The barista’s smile had gone a bit stiff. He made her guess four times before he agreed that _that was_ the drink he’d been pointing to. Once she listed the ingredients, he asked her to read him the ingredients from the chocolate sauce in it. He delighted at the groans and dark muttering behind him. After another ten minutes he left without ordering anything. It wasn’t even the café he was going to be meeting Aziraphale at, he’d just been killing time.

He walked the two blocks over and was just about to enter the little bakery Aziraphale was fond of, when his phone began to ring. It was so rare for the angel to be the one calling, that he simply stared at the number for a moment, until Destiny tried to grab at it.

“Yeaaah?” he asked slowly.

“Crowley. Brilliant. I was just calling you on this mobile device to let you know that something's come up.”

“Something's come up?” Crowley repeated.

“Yes. At the bookshop.”

“Uh huh.”

“Customers. Customers came up. Which is why I can’t leave.”

“So, I should come over _now_?” Crowley knew what the angel sounded like when he was lying. Aziraphale knew he knew.

“No. No, no. Everything’s fine.” That sounded sincere. “You order us something to drink, and bring it by in about. Oh. Forty minutes.”

“Mhmmm,” said the demon. “Is there something you want to tell me-“

“Yes. Bring some of those delightful fairy cakes. You know the ones I like, with the pink frosting and the - well anyway, must be going. See you soon.”

Crowley looked at his phone, then looked at Destiny. She was looking up, but not at him. Her attention was on a row of crows that had settled on the eaves of the building above them. One of them let out a loud caw. As if drawn by the sound, three more appeared in the air and settled onto the roof, also.

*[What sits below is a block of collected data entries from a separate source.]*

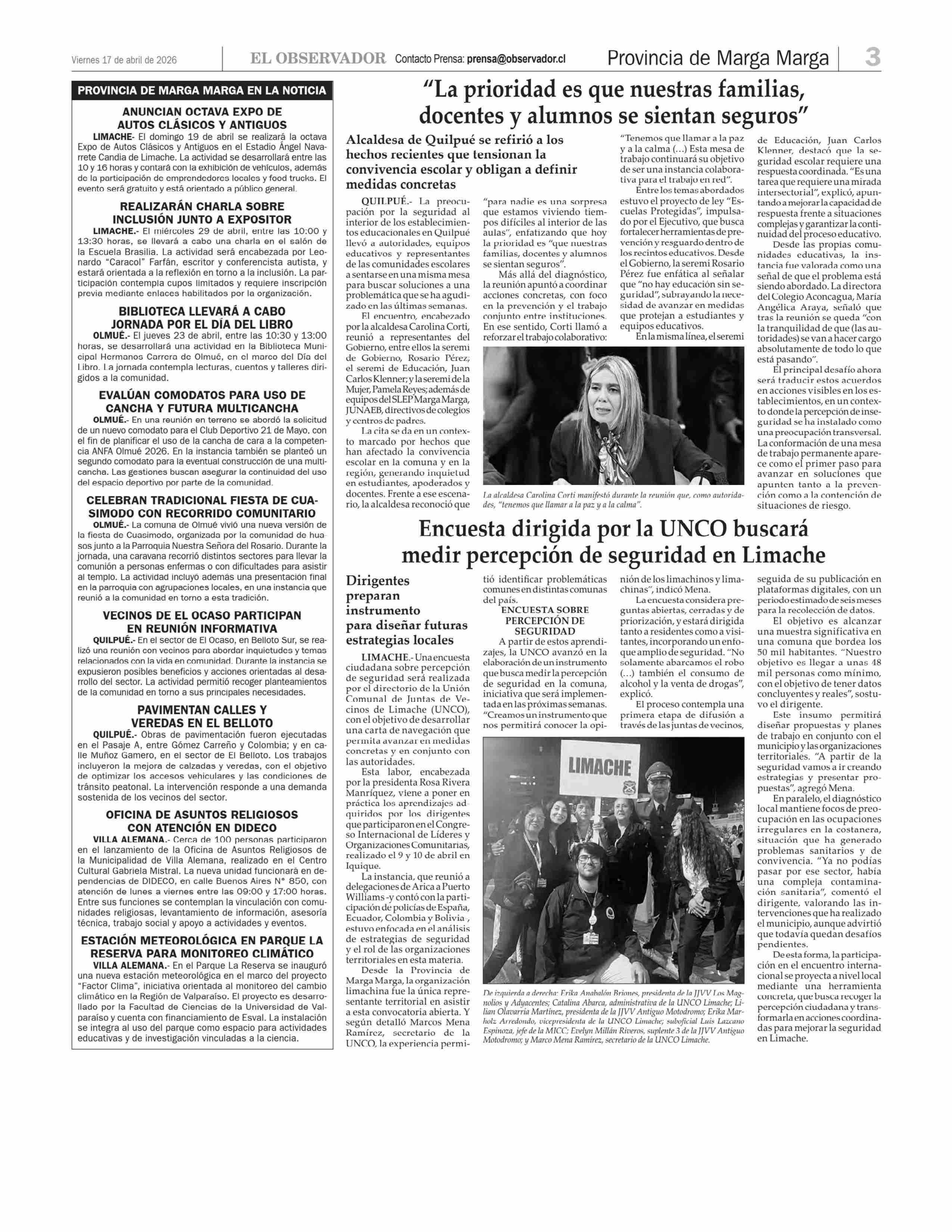 “La prioridad es que nuestras familias, docentes v alumnos se sientan seguros” 17-04-2026 El Observador |
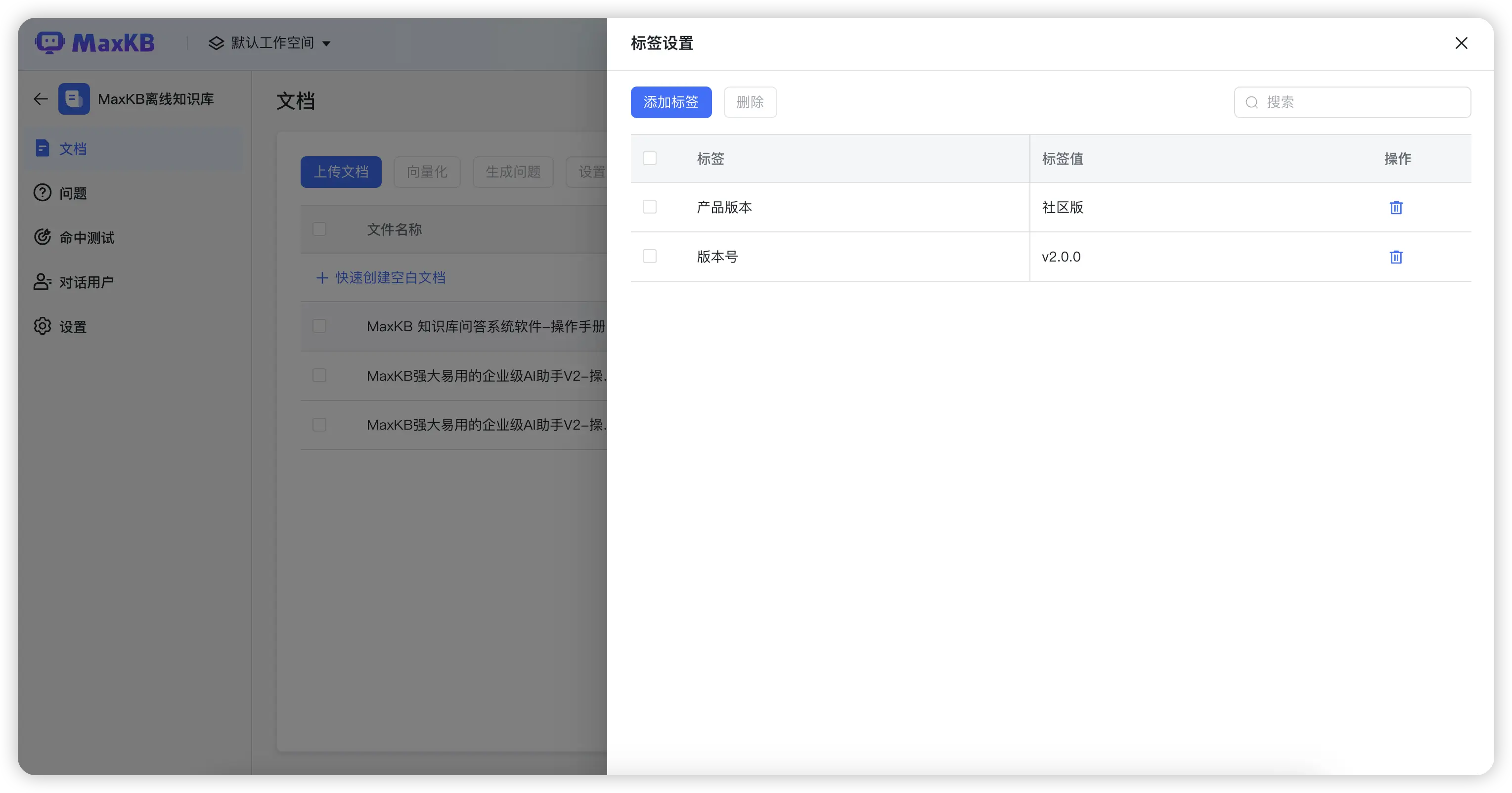 標籤管理:MaxKB在知識庫的“文檔”頁面新增標籤管理功能,每個知識庫都擁有獨立的標籤管理體系。用户可以在知識庫中選擇“文檔”→“標籤管理”,進行標籤元數據的配置。
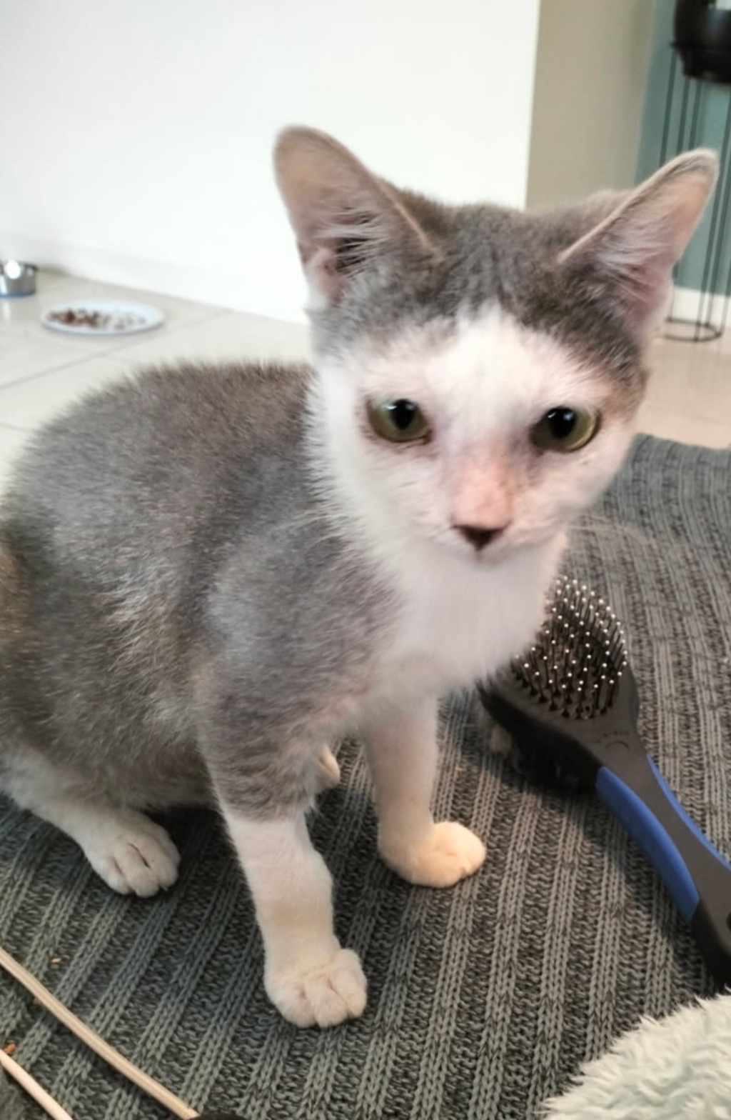 Apollo is a 6-month-old male kitten with a soft heart and a quiet charm. Though shy at first, this sweet boy is learning to trust and open up, one gentle moment at a time. With patience and love, Apollo will blossom into a loyal companion who rewards kindness with quiet affection and soft purrs.
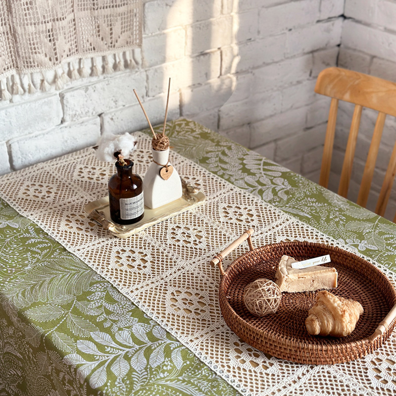 森系树叶碎花棉麻蕾丝桌布布艺复古茶几阳台餐边桌盖巾民宿定做
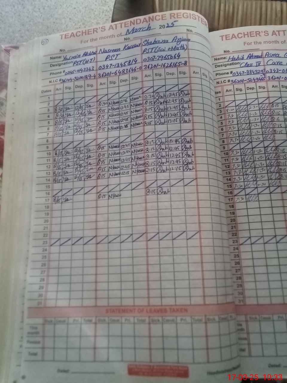 | CNIC | Full Name | Designation | R/C | Absence During Last Calender Month |
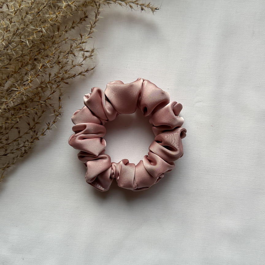 Gumka do włosów scrunchie z jedwabiem Brudny Róż Premium S
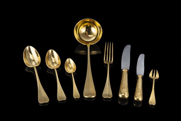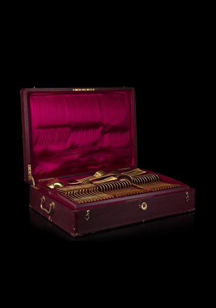 Berndorf Krupp. Servizio di posate in metallo dorato con prese a corpo liscio decorate al retro da cifre MP entro cornice a fiocco composto da dodici forchette, cucchiai e coltelli grandi, dodici forchette e coltelli da frutta, dodici forchette e cucchiai da dolce, dodici cucchiaini e un mestolo. In custodia (difetti)

“Bloody hell,” muttered Crowley.

_______________

Aziraphale set his mobile phone down on the stack of books in front of him, then he turned to face Gabriel. 

“I told you not to come back here.”

“Not even a ‘good to see you’? Aziraphale. I’m disappointed.”

“You tried to kill me,” said the angel.

“Wasn’t anything personal. Heavenly duties, you know the drill.” He put on the kind of smile someone who’d only ever heard of the concept might wear.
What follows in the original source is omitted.